Because she has a car, she figured she'd travel to get her groceries as to not tap the resources of people who don't have transportation in the city to get food. And she asked neighbors if they needed anything, and ended up picking up $50 of groceries for one neighbor, and a few essentials for another neighbor who runs an in-home daycare.

From a gym buddy living not far from the middle of it. They had a safe Saturday night!

Another curfew was put in place for Sunday night, and there were more highway closures. New Sunday night were military helicopters (which weren't new) flying overhead with the hanging dump baskets for putting out fires. Here, right before curfew, was a military helicopter (without a fire-fighting "basket") and a news helicopter in the same area just north of our house:

Always so many helicopters!

Last night's threat.

Serious warnings for last night. (After "neighborhood council"
patrols were able to be out helping the night before.)

Our neighbor on the neighborhood page who listens to scanners and reports back.

537 comments on ONE neighborhood page's nightly thread.

So I spent a second night up. I checked the yard and neighbor's yards until around 11:30. Then again before 1 a.m.
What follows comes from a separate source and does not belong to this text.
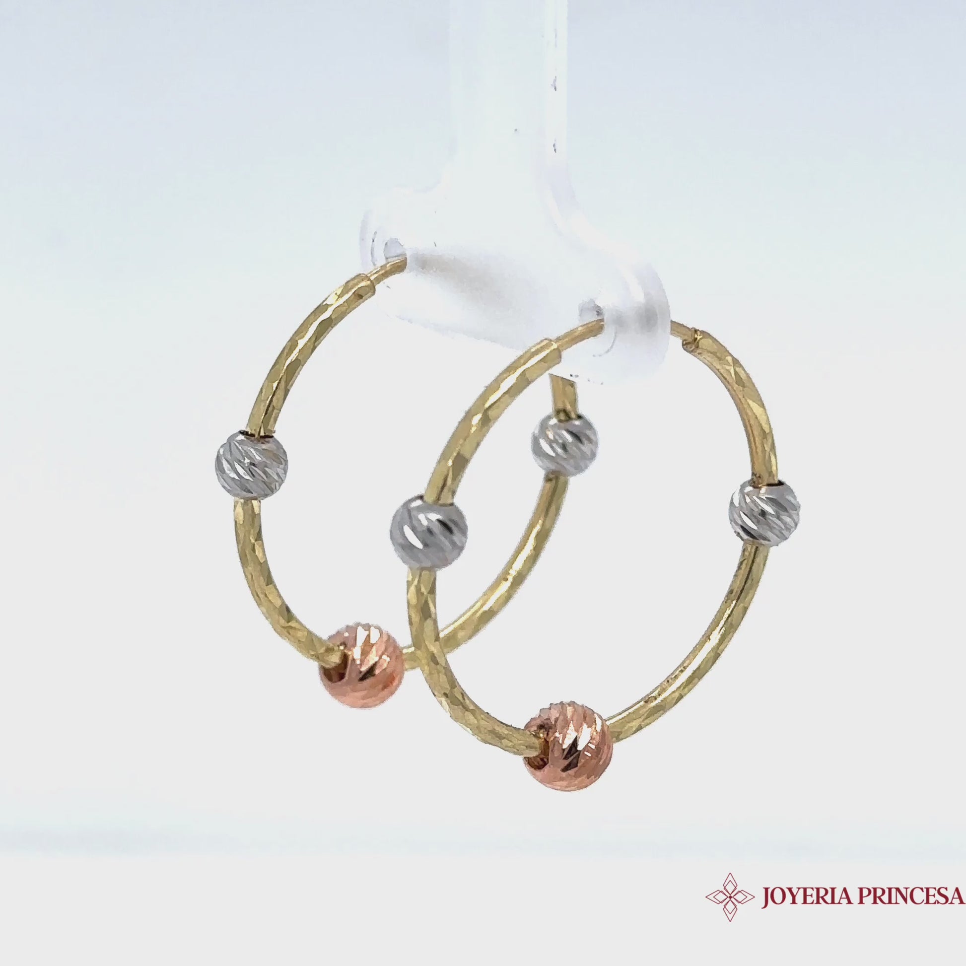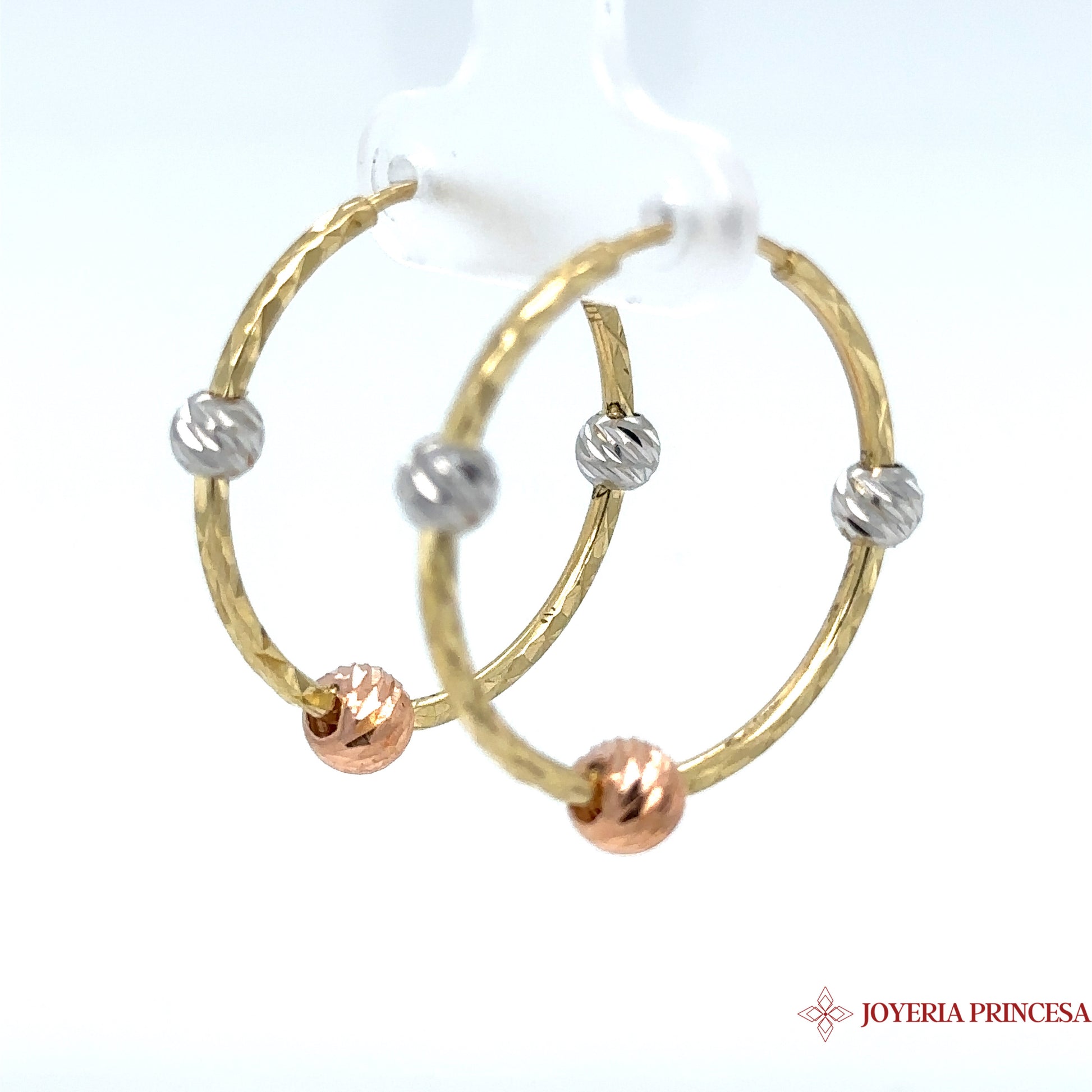 Aretes de aro tricolor 10K

I slept from about 1-3 on the couch, checked on things again, went to bed after 4, and couldn't sleep (even though I've gotten just 5+ hours of sleep total between the last 2 nights).

The last 2 nights have been quiet right around my house, but there's larger issues at work in my surrounding neighborhood. Hoping it keeps quieting down.


Carolina John 11:37 AM, June 01, 2020  

Steve, that is an amazing and heartbreaking recap of a time frame. I'm in tears. Thank you for sharing such a personal account and I'm so glad your family is ok.

T 6:28 PM, June 01, 2020  

Holy. Crap. I've (obviously) been following along with your stuff on all three social platforms, but to see it all laid out like this? Sheesh. I'm thankful we haven't had to deal with the Denver unrest getting out to us (we're far enough away from the capitol/heavy protest areas), but this is giving us a lot of good information just in case stuff gets way worse.

I'm thankful the neighborhoods are so coordinated and helping out right now. That's what we really need.

Stay safe, and I'm praying things calm down around the country (and start changing for the better on a bigger scale) soon.

Paul 9:21 AM, June 02, 2020  

Thanks for taking the time to document this, Steve. Stay safe, and keep doing Good.